Par un mémoire en défense enregistré le 31 mai 2023, le préfet des Bouches-du-Rhône conclut au rejet de la requête.
Il fait valoir que les moyens invoqués par le requérant ne sont pas fondés.
Vu les autres pièces du dossier.
Vu :
- la convention européenne de sauvegarde des droits de l'homme et des libertés fondamentales ;
- l'accord franco-algérien du 27 décembre 1968 modifié ;
- le code de l'entrée et du séjour des étrangers et du droit d'asile ;
- le code des relations entre le public et l'administration ;
- la loi n° 91-647 du 10 juillet 1991 ;
- le code de justice administrative.
La présidente du tribunal a désigné Mme Devictor pour statuer sur les litiges relatifs aux décisions portant mesure d'éloignement des ressortissants étrangers en application du code de l'entrée et du séjour des étrangers et du droit d'asile.
Les parties ont été régulièrement averties du jour de l'audience.
Ont été entendus au cours de l'audience publique :
- le rapport de Mme Devictor, qui a informé les parties, sur le fondement de l'article R. 611-7 du code de justice administrative, que le jugement était susceptible de se fonder sur le moyen d'ordre public relevé d'office tiré de l'irrecevabilité des conclusions à fin d'injonction présentées à titre principal tendant à ce qu'il soit enjoint au préfet de délivrer à M. A une carte de séjour temporaire et de lui communiquer les pièces sur la base desquelles a été prise la décision de l'OFPRA ;
- les observations de Me Giordano, représentant M. A, qui conclut aux mêmes fins que la requête, par les mêmes moyens.
Le préfet des Bouches-du-Rhône n'était ni présent, ni représenté.
La clôture de l'instruction a été prononcée à l'issue de l'audience.
Considérant ce qui suit :
1. M. A, de nationalité turque, demande l'annulation de l'arrêté du 11 avril 2023 par lequel le préfet des Bouches-du-Rhône l'a obligé à quitter le territoire français, lui a refusé un délai de départ volontaire supérieur à trente jours et a fixé le pays de destination de cette mesure.
Sur les conclusions aux fins d'annulation :
2. Aux termes de l'article L.541-1 du code de l'entrée et du séjour des étrangers et du droit d'asile : " Le demandeur d'asile dont l'examen de la demande relève de la compétence de la France et qui a introduit sa demande auprès de l'Office français de protection des réfugiés et apatrides bénéficie du droit de se maintenir sur le territoire français ". Aux termes de l'article L. 542-1 de ce code : " En l'absence de recours contre la décision de l'Office français de protection des réfugiés et apatrides dans le délai prévu à l'article L. 532-1, le droit de se maintenir sur le territoire français prend fin à la notification de cette décision. "
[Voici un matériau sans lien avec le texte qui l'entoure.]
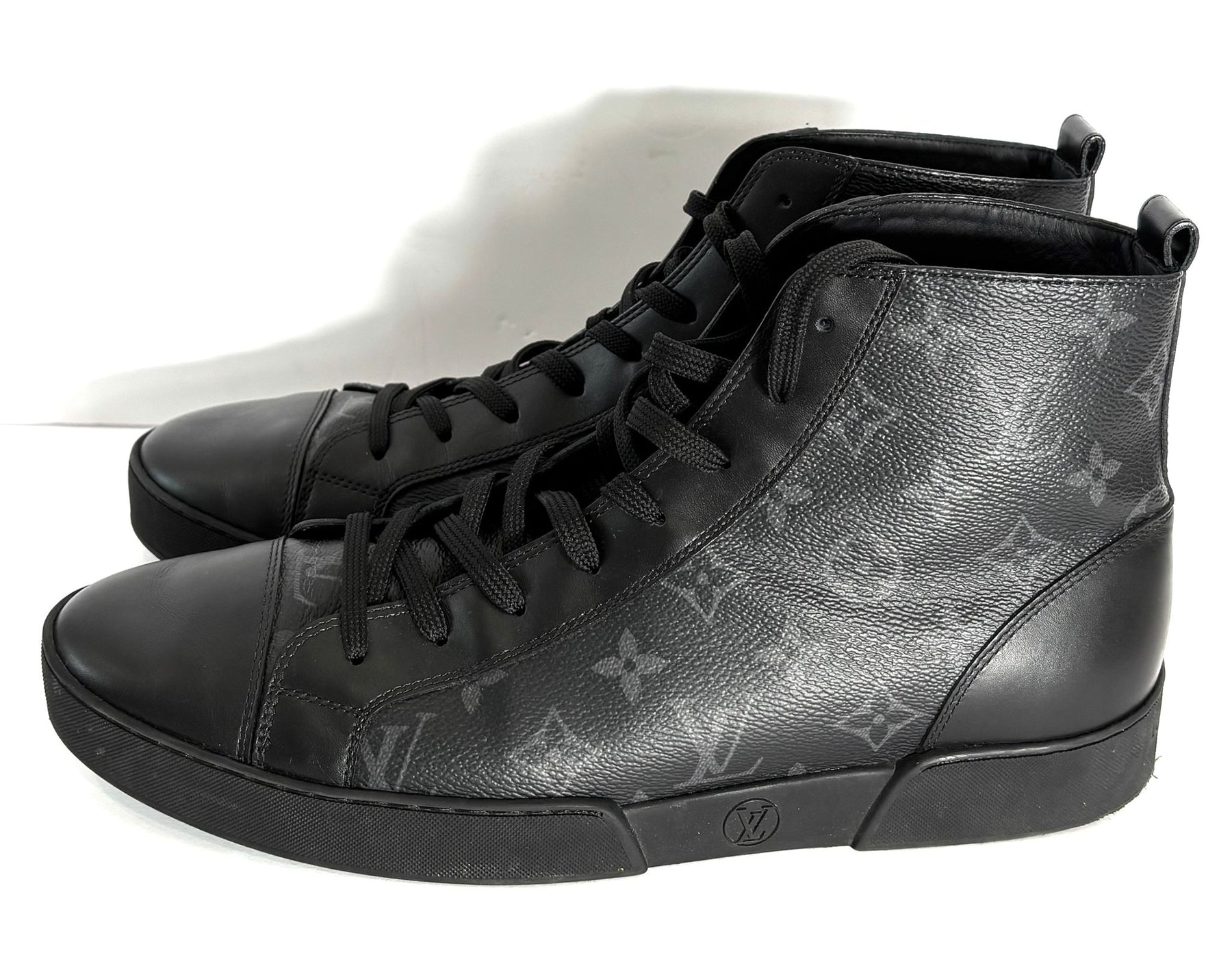 Modern design meets iconic craftsmanship in the Louis Vuitton Monogram Eclipse Canvas Sneakers — a sleek, versatile shoe that embodies contemporary luxury with a distinctly masculine edge. Crafted from the brand’s signature Monogram Eclipse canvas & Lather, these sneakers combine refined detailing with everyday comfort.

3. Il résulte des dispositions précitées que l'étranger qui demande l'asile a le droit de séjourner sur le territoire national à ce titre jusqu'à ce que la décision rejetant sa demande lui ait été notifiée régulièrement par l'OFPRA ou, si un recours a été formé devant elle, par la Cour nationale du droit d'asile. En l'absence d'une telle notification régulière, et alors même qu'il incombe aux services de l'OFPRA ou de la Cour nationale du droit d'asile (CNDA) d'y pourvoir, l'autorité administrative ne peut regarder l'étranger à qui l'asile a été refusé comme ne bénéficiant plus de son droit provisoire au séjour. Il incombe au Préfet compétent, qui a la faculté de demander à l'OFPRA une copie de la décision et l'avis de réception de la notification de celle-ci, de démontrer que cette notification a été effectuée régulièrement.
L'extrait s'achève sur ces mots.